Most modems or routers can be administered remotely over the Internet. The problem, however, is that someone besides you can potentially locate the Internet Protocol (IP) modem and perform a hacker attack to enter the control panel.
A simple fix for this vulnerability is to disable remote administration of the modem or router. Generally for home networks, remote access is not necessary and the safest thing is to disable this type of possibility. Of course you can always access the panel, but only via the lan cable connected to the router, undoubtedly much more secure.
6. Filtering MAC addresses .
What computers are connected to the wireless network? How can you know or control the devices that access the network?
Clarified that both WPA2 encryption and strong passwords are the best methods for controlling who is accessing the network, however most modems and routers offer additional methods for controlling access to the network.
Each computer or smartphone capable of accessing a wireless network has a unique identification number known as the MAC (Media Access Control) address. By now almost all modems / routers also offer the possibility to limit access to a wireless network only to devices included in a special list on the router.
Many of you will already know that this method of protection is not as strong as it may seem. In fact, it is possible that some people make real MAC address spoofs to identify the serial number that has access to the network and modify another device capable of overcoming this protection, but this method still offers an additional level of security that can help protect your network.
Please note that if you set MAC filtering incorrectly your devices may no longer connect to the network. Nothing dramatic: just reopen the router configuration panel and enter the right number in the list of MAC Addresses, a list that will be stored in the router and will not have to be re-entered every time (unless new additions).
7. How strong should your wireless signal be?
How strong is the wireless signal? How far does it have to go to make the most of your connection?
In most houses, about 20-30 meters (in a straight line) is more than enough, so why transmit the signal to the whole neighborhood giving more possibilities for further attacks?
Not all modems and routers allow (in the configuration panel) to adjust the signal strength, but if the relative option is present we recommend that you “calibrate” the range well, so as to avoid further temptations. Without signal it is impossible to enter the network!
8. Activate the firewall integrated in the router / modem
Many modems and routers come with a built-in firewall. A firewall can prevent unauthorized people from accessing the network, and it is also able to control which programs work within the network.
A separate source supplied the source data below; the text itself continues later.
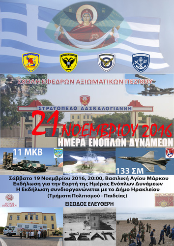 α. Σάββατο 19 Νοεμβρίου 2016 και ώρα 20:00 στην Βασιλική Αγίου Μάρκου, εορταστική εκδήλωση, η οποία θα περιλαμβάνει ομιλίες-παρουσιάσεις οπτικοακουστικού υλικού με θέμα τις Ένοπλες Δυνάμεις καθώς και μουσικό πρόγραμμα με τη συμμετοχή της Φιλαρμονικής του Δήμου Ηρακλείου.Η είσοδος θα είναι ελεύθερη για το κοινό.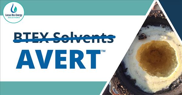 “AVERT is specifically designed to meet the industry's needs for efficient and sustainable oily wax and organic solids dispersion and clean up, while reducing the need for hydrocarbons or BTEX solvents,” says Dr. Megan Pearl, Director of Technology at Locus Bio-Energy Solutions.“The introduction of AVERT is critical at a time when many oil-producing states continue to limit BTEX usage, and when BTEX availability for paraffin control is in short supply—which drives up their costs.”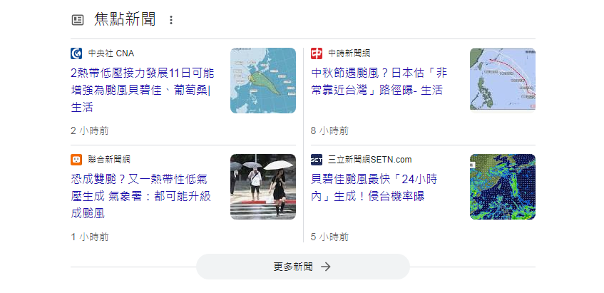 如果搜尋的關鍵字是最近的熱門新聞或是跟時事相關,例如:奧運、天災、演藝圈、重大事故等等,就有高機率會出現新聞欄目,尤其是政治相關敏感議題,出現新聞欄的機率極高。

The modem / router firewall must be enabled through the configuration panel. It is usually disabled by default, perhaps due to initial connection problems, check.
There is also to consider that some wireless devices include in their firmware some security programs generally known as intrusion detection systems (IDS) . These systems are able to detect attempts to gain unauthorized access to the system, protecting and blocking a good number of attacks outside the network.
In case you are about to buy a wireless modem or router ask if it is equipped with IDS, this function could cost a little more, but it is definitely recommended.
9. Is your modem updated?
Modems and similar devices work thanks to software known as “firmware”. This firmware, like other software programs, sometimes requires an update to make sure it always works with maximum efficiency and to improve your / your safety.
Many modems supplied directly by Internet Service Providers (ISPs) offer an automatic firmware update. In this case, check with your provider if this occurs.
If not, firmware updates will have to be done manually by logging on to the modem manufacturer’s website. Do not use firmware found on the net or unofficial, use only that of the manufacturer because more and more “tarot” software circulating specifically created by hackers to access private wireless networks.